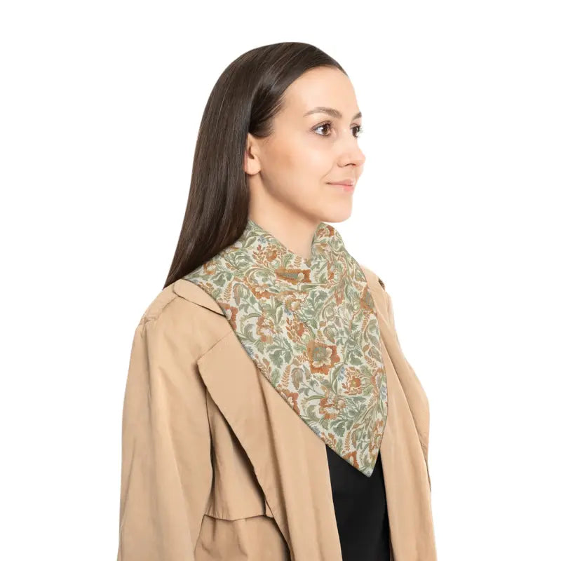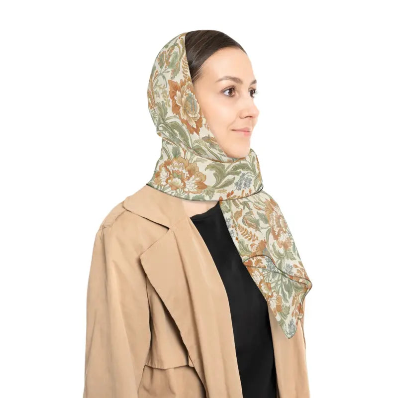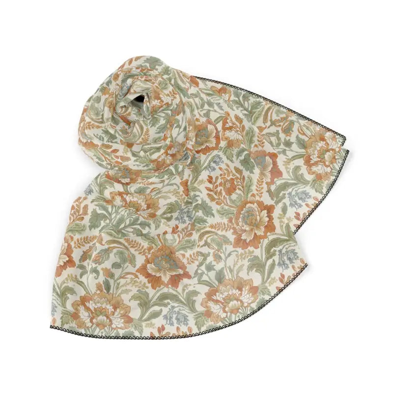 Picture this: you're stepping out into a golden-hour evening, and the breeze catches the edge of your scarf just right, sending soft folds of vintage peach and sage dancing around your collarbone. This floral damask poly scarf isn't just another accessory tossed into your rotation—it's that finishing touch that makes strangers do a double-take and friends ask where you found it. The whisper-light polyester drapes like silk without the fuss, flowing effortlessly whether you're knotting it loosely at your throat or letting it cascade over your shoulders at an outdoor gathering. That muted terracotta and sage pattern carries all the charm of a thrifted treasure from decades past, the kind of piece that looks like it has stories to tell even though it just arrived at your door. The black overlock stitching frames every edge with artisanal precision, adding just enough structure to keep the fabric from feeling too delicate while maintaining that breezy, carefree vibe you're after.
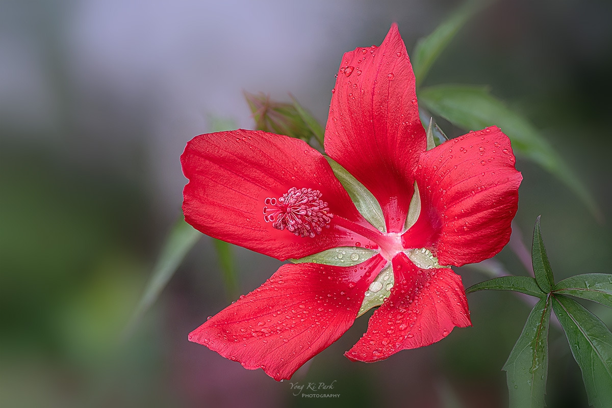 붉게 핀 물무궁화의 아름다움에 빠졌습니다.
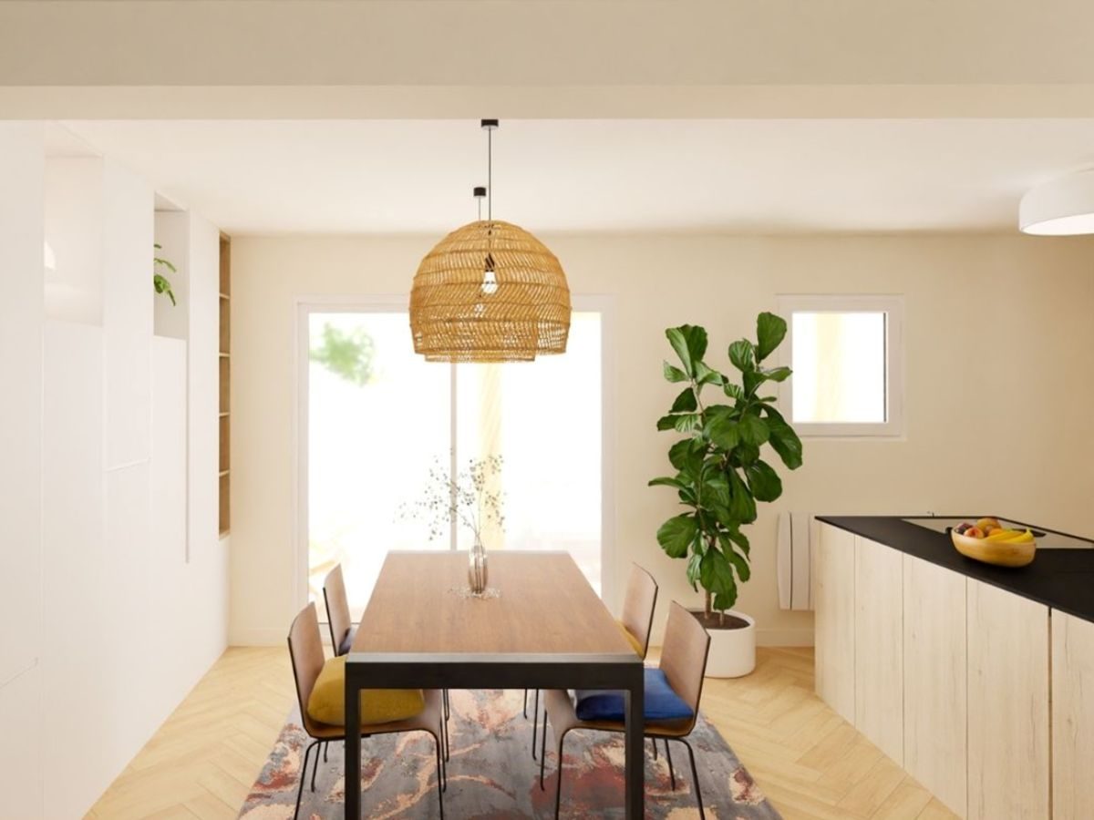 Agencement & décoration, luminosité, optimisation des différents espaces : entrée, salon-séjour, bureau, salle à manger, relooking de la cuisine et de l’escalier.

**Exercise directions:**
Only what runs from the line with "붉게 핀 물무궁화의 아름다움에 빠졌습니다." through the last line of the listing above belongs in the answer, set down exactly and free of pictures.

**Answer to this problem:**
 붉게 핀 물무궁화의 아름다움에 빠졌습니다.
 Agencement & décoration, luminosité, optimisation des différents espaces : entrée, salon-séjour, bureau, salle à manger, relooking de la cuisine et de l’escalier.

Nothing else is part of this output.